PROMPT: Copy out each line below verbatim, skipping any picture.

RECORDS SUPPLIED:
[Start of Attachment]

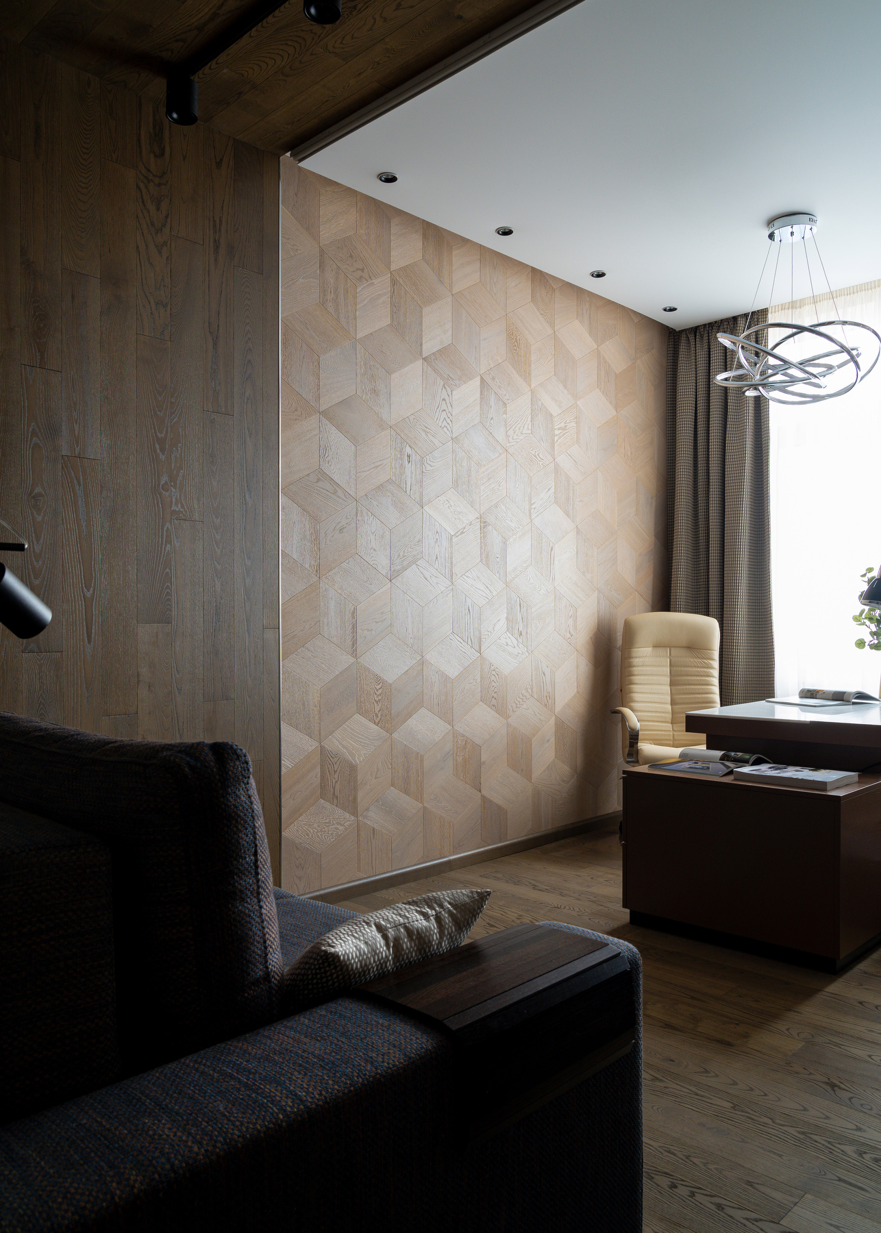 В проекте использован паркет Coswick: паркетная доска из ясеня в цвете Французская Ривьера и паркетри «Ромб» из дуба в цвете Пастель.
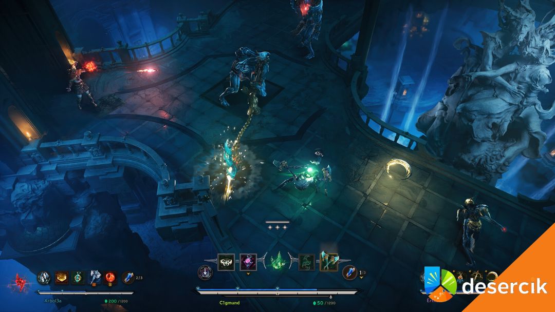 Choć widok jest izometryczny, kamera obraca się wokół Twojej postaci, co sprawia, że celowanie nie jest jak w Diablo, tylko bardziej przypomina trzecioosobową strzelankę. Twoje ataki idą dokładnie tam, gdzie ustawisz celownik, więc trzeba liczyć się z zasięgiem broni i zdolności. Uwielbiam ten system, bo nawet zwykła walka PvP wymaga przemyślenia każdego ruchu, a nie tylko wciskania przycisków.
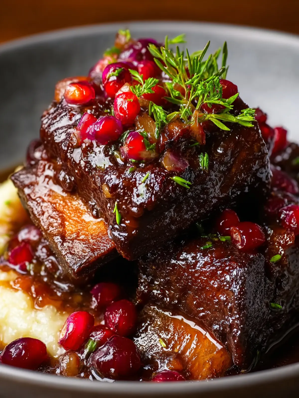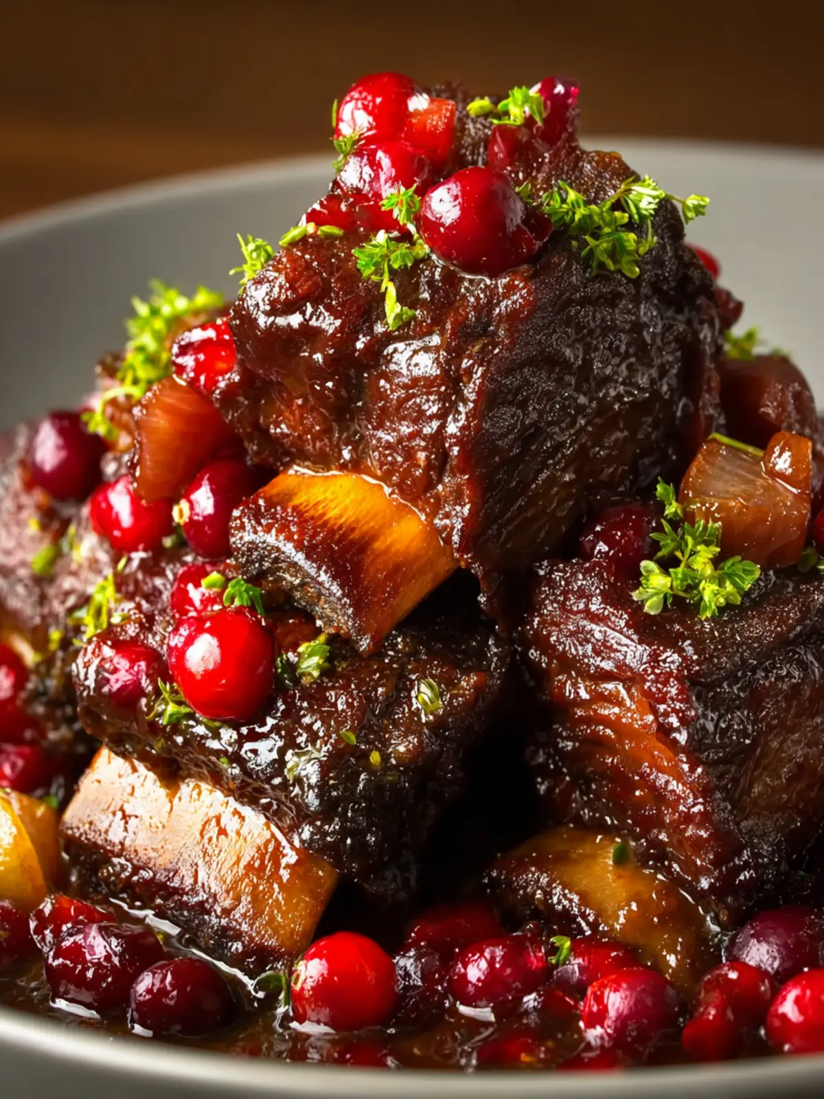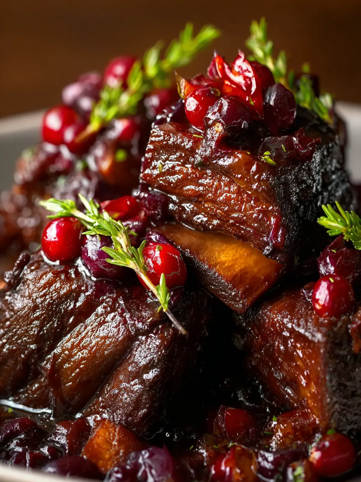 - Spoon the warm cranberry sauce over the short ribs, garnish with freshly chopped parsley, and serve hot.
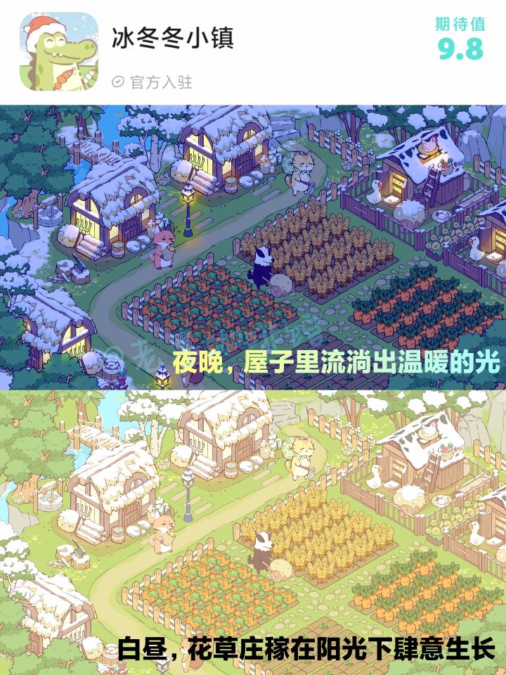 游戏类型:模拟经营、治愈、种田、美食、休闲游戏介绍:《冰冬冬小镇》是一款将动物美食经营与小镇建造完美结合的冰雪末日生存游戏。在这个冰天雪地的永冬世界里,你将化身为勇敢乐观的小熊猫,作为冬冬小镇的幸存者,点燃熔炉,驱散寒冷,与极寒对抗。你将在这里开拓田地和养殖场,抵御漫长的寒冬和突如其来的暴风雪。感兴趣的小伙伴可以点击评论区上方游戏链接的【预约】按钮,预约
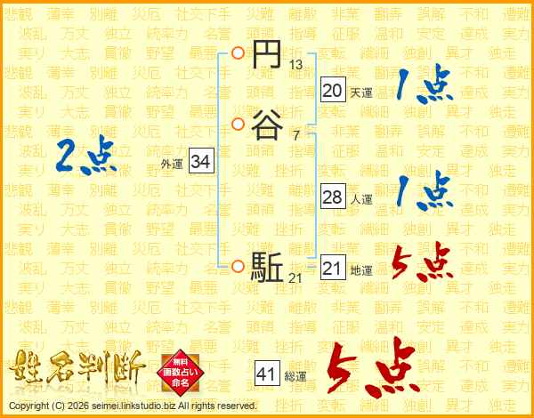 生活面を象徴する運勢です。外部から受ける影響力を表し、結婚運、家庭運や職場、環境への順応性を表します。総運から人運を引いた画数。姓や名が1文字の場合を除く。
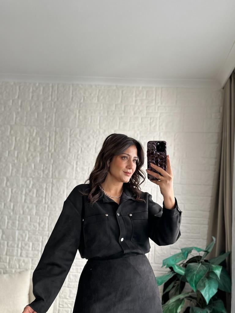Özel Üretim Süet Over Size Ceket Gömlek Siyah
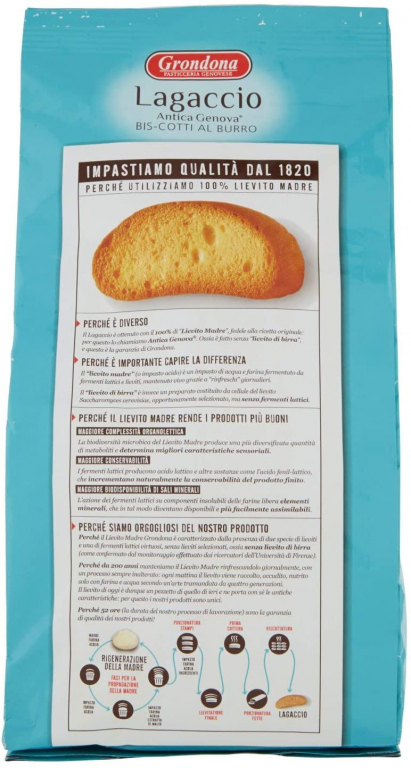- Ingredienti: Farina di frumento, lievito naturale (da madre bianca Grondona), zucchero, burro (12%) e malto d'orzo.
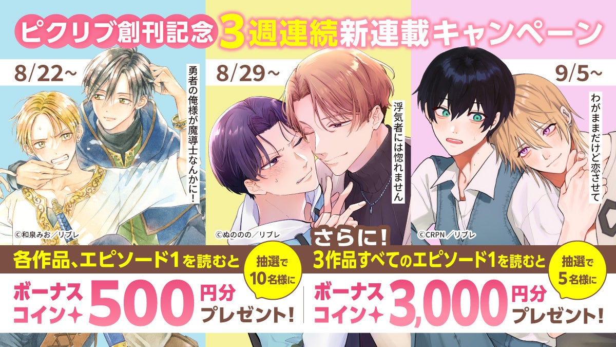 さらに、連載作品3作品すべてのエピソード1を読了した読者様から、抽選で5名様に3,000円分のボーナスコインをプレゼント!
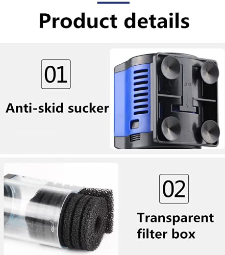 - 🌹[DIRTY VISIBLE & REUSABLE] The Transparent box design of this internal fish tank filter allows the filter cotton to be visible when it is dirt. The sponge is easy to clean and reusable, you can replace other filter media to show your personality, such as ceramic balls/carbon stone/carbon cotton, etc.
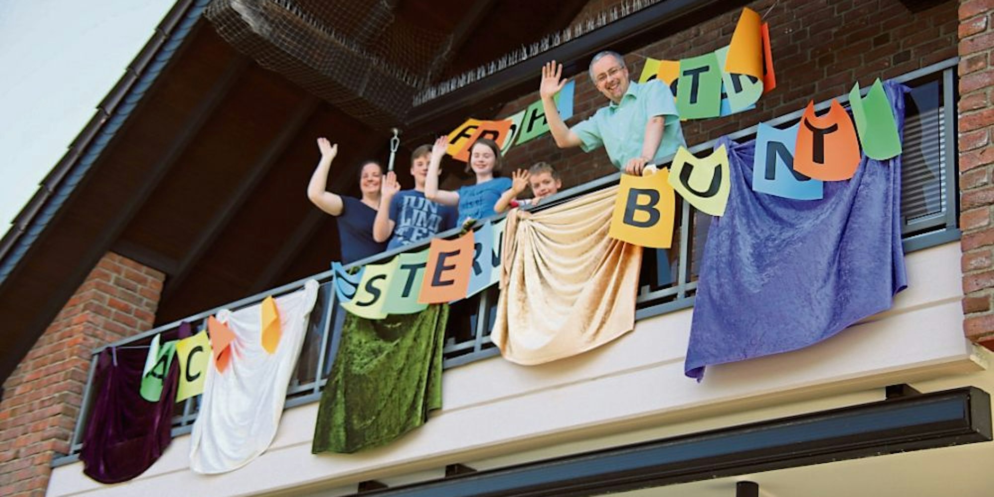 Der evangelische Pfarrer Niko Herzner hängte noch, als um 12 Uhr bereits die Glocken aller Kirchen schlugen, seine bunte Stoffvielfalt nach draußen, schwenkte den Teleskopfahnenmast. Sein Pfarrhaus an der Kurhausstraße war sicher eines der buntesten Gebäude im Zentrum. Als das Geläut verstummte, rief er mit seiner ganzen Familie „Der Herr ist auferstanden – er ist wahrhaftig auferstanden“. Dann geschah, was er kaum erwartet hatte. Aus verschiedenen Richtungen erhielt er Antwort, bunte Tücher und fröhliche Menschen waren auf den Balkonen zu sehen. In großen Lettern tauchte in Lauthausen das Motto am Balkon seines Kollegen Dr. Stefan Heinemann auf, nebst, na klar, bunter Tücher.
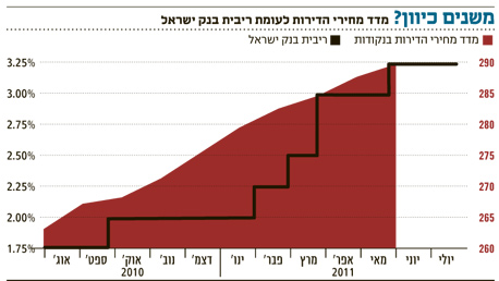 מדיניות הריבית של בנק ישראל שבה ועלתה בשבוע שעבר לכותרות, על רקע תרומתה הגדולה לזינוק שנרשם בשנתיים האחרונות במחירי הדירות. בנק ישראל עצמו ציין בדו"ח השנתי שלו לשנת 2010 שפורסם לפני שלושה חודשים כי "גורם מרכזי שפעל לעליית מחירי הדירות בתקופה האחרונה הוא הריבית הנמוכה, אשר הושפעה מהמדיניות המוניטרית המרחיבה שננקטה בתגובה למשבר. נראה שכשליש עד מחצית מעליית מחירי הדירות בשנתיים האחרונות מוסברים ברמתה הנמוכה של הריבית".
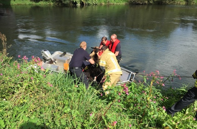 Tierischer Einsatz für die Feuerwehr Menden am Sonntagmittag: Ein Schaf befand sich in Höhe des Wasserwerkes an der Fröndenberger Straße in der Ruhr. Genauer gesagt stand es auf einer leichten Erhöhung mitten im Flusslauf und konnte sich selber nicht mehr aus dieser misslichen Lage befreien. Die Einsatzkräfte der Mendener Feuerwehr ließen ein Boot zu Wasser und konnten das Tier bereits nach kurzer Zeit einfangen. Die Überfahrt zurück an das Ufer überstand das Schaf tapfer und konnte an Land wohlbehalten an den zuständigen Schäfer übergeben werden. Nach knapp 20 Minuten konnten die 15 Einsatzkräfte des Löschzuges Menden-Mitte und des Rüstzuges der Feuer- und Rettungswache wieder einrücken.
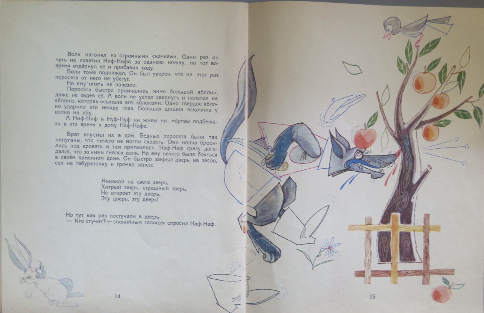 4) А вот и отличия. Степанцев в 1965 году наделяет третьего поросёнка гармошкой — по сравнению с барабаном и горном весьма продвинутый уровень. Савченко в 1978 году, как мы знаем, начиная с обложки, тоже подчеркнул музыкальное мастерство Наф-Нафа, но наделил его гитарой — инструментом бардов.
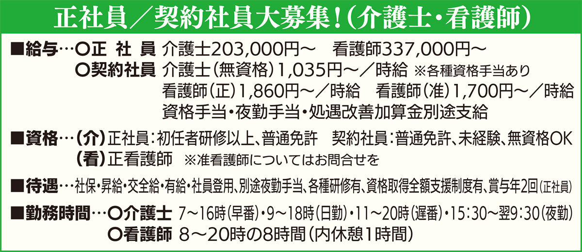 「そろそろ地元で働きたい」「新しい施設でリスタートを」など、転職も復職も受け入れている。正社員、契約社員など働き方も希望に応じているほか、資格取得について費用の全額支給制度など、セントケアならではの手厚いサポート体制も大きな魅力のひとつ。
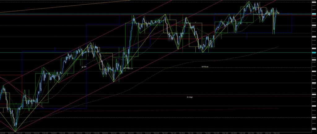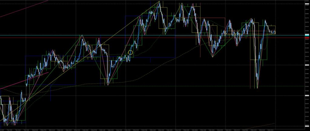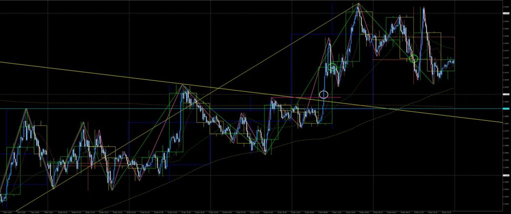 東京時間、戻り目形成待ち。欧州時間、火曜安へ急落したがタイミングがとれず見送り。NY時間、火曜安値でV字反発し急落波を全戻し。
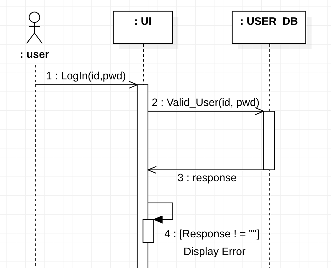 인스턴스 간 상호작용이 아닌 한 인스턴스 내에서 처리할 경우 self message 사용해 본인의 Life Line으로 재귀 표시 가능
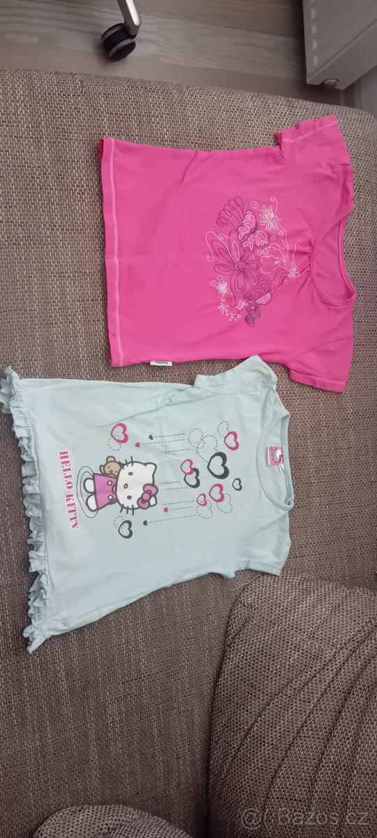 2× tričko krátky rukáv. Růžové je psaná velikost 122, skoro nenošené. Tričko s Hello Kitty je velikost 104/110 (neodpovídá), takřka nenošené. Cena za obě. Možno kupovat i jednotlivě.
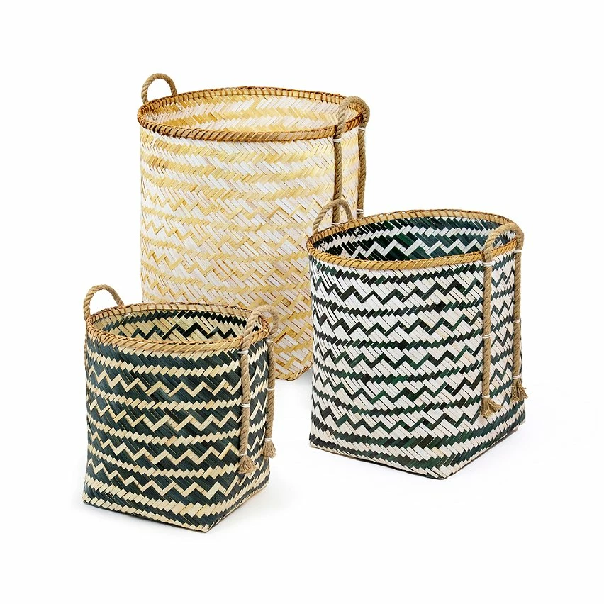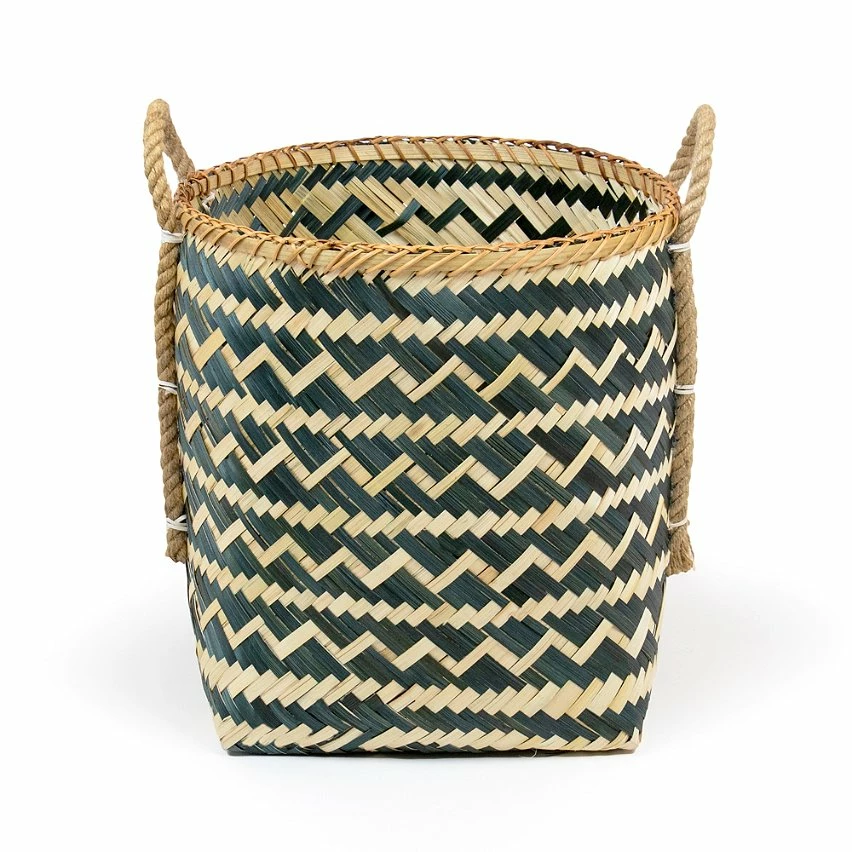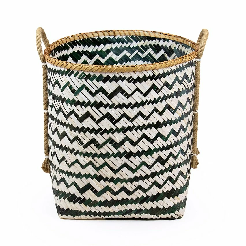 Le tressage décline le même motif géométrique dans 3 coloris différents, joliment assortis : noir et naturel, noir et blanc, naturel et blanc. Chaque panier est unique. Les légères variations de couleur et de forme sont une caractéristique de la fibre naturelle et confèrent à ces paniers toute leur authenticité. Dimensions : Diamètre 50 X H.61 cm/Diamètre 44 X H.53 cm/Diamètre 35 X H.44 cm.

[End of Attachment]

OUTPUT BELOW:
 В проекте использован паркет Coswick: паркетная доска из ясеня в цвете Французская Ривьера и паркетри «Ромб» из дуба в цвете Пастель.
 Choć widok jest izometryczny, kamera obraca się wokół Twojej postaci, co sprawia, że celowanie nie jest jak w Diablo, tylko bardziej przypomina trzecioosobową strzelankę. Twoje ataki idą dokładnie tam, gdzie ustawisz celownik, więc trzeba liczyć się z zasięgiem broni i zdolności. Uwielbiam ten system, bo nawet zwykła walka PvP wymaga przemyślenia każdego ruchu, a nie tylko wciskania przycisków.
 - Spoon the warm cranberry sauce over the short ribs, garnish with freshly chopped parsley, and serve hot.
 游戏类型:模拟经营、治愈、种田、美食、休闲游戏介绍:《冰冬冬小镇》是一款将动物美食经营与小镇建造完美结合的冰雪末日生存游戏。在这个冰天雪地的永冬世界里,你将化身为勇敢乐观的小熊猫,作为冬冬小镇的幸存者,点燃熔炉,驱散寒冷,与极寒对抗。你将在这里开拓田地和养殖场,抵御漫长的寒冬和突如其来的暴风雪。感兴趣的小伙伴可以点击评论区上方游戏链接的【预约】按钮,预约
 生活面を象徴する運勢です。外部から受ける影響力を表し、結婚運、家庭運や職場、環境への順応性を表します。総運から人運を引いた画数。姓や名が1文字の場合を除く。
Özel Üretim Süet Over Size Ceket Gömlek Siyah
- Ingredienti: Farina di frumento, lievito naturale (da madre bianca Grondona), zucchero, burro (12%) e malto d'orzo.
 さらに、連載作品3作品すべてのエピソード1を読了した読者様から、抽選で5名様に3,000円分のボーナスコインをプレゼント!
 - 🌹[DIRTY VISIBLE & REUSABLE] The Transparent box design of this internal fish tank filter allows the filter cotton to be visible when it is dirt. The sponge is easy to clean and reusable, you can replace other filter media to show your personality, such as ceramic balls/carbon stone/carbon cotton, etc.
 Der evangelische Pfarrer Niko Herzner hängte noch, als um 12 Uhr bereits die Glocken aller Kirchen schlugen, seine bunte Stoffvielfalt nach draußen, schwenkte den Teleskopfahnenmast. Sein Pfarrhaus an der Kurhausstraße war sicher eines der buntesten Gebäude im Zentrum. Als das Geläut verstummte, rief er mit seiner ganzen Familie „Der Herr ist auferstanden – er ist wahrhaftig auferstanden“. Dann geschah, was er kaum erwartet hatte. Aus verschiedenen Richtungen erhielt er Antwort, bunte Tücher und fröhliche Menschen waren auf den Balkonen zu sehen. In großen Lettern tauchte in Lauthausen das Motto am Balkon seines Kollegen Dr. Stefan Heinemann auf, nebst, na klar, bunter Tücher.
 מדיניות הריבית של בנק ישראל שבה ועלתה בשבוע שעבר לכותרות, על רקע תרומתה הגדולה לזינוק שנרשם בשנתיים האחרונות במחירי הדירות. בנק ישראל עצמו ציין בדו"ח השנתי שלו לשנת 2010 שפורסם לפני שלושה חודשים כי "גורם מרכזי שפעל לעליית מחירי הדירות בתקופה האחרונה הוא הריבית הנמוכה, אשר הושפעה מהמדיניות המוניטרית המרחיבה שננקטה בתגובה למשבר. נראה שכשליש עד מחצית מעליית מחירי הדירות בשנתיים האחרונות מוסברים ברמתה הנמוכה של הריבית".
 Tierischer Einsatz für die Feuerwehr Menden am Sonntagmittag: Ein Schaf befand sich in Höhe des Wasserwerkes an der Fröndenberger Straße in der Ruhr. Genauer gesagt stand es auf einer leichten Erhöhung mitten im Flusslauf und konnte sich selber nicht mehr aus dieser misslichen Lage befreien. Die Einsatzkräfte der Mendener Feuerwehr ließen ein Boot zu Wasser und konnten das Tier bereits nach kurzer Zeit einfangen. Die Überfahrt zurück an das Ufer überstand das Schaf tapfer und konnte an Land wohlbehalten an den zuständigen Schäfer übergeben werden. Nach knapp 20 Minuten konnten die 15 Einsatzkräfte des Löschzuges Menden-Mitte und des Rüstzuges der Feuer- und Rettungswache wieder einrücken.
 4) А вот и отличия. Степанцев в 1965 году наделяет третьего поросёнка гармошкой — по сравнению с барабаном и горном весьма продвинутый уровень. Савченко в 1978 году, как мы знаем, начиная с обложки, тоже подчеркнул музыкальное мастерство Наф-Нафа, но наделил его гитарой — инструментом бардов.
 「そろそろ地元で働きたい」「新しい施設でリスタートを」など、転職も復職も受け入れている。正社員、契約社員など働き方も希望に応じているほか、資格取得について費用の全額支給制度など、セントケアならではの手厚いサポート体制も大きな魅力のひとつ。
 東京時間、戻り目形成待ち。欧州時間、火曜安へ急落したがタイミングがとれず見送り。NY時間、火曜安値でV字反発し急落波を全戻し。
 인스턴스 간 상호작용이 아닌 한 인스턴스 내에서 처리할 경우 self message 사용해 본인의 Life Line으로 재귀 표시 가능
 2× tričko krátky rukáv. Růžové je psaná velikost 122, skoro nenošené. Tričko s Hello Kitty je velikost 104/110 (neodpovídá), takřka nenošené. Cena za obě. Možno kupovat i jednotlivě.
 Le tressage décline le même motif géométrique dans 3 coloris différents, joliment assortis : noir et naturel, noir et blanc, naturel et blanc. Chaque panier est unique. Les légères variations de couleur et de forme sont une caractéristique de la fibre naturelle et confèrent à ces paniers toute leur authenticité. Dimensions : Diamètre 50 X H.61 cm/Diamètre 44 X H.53 cm/Diamètre 35 X H.44 cm.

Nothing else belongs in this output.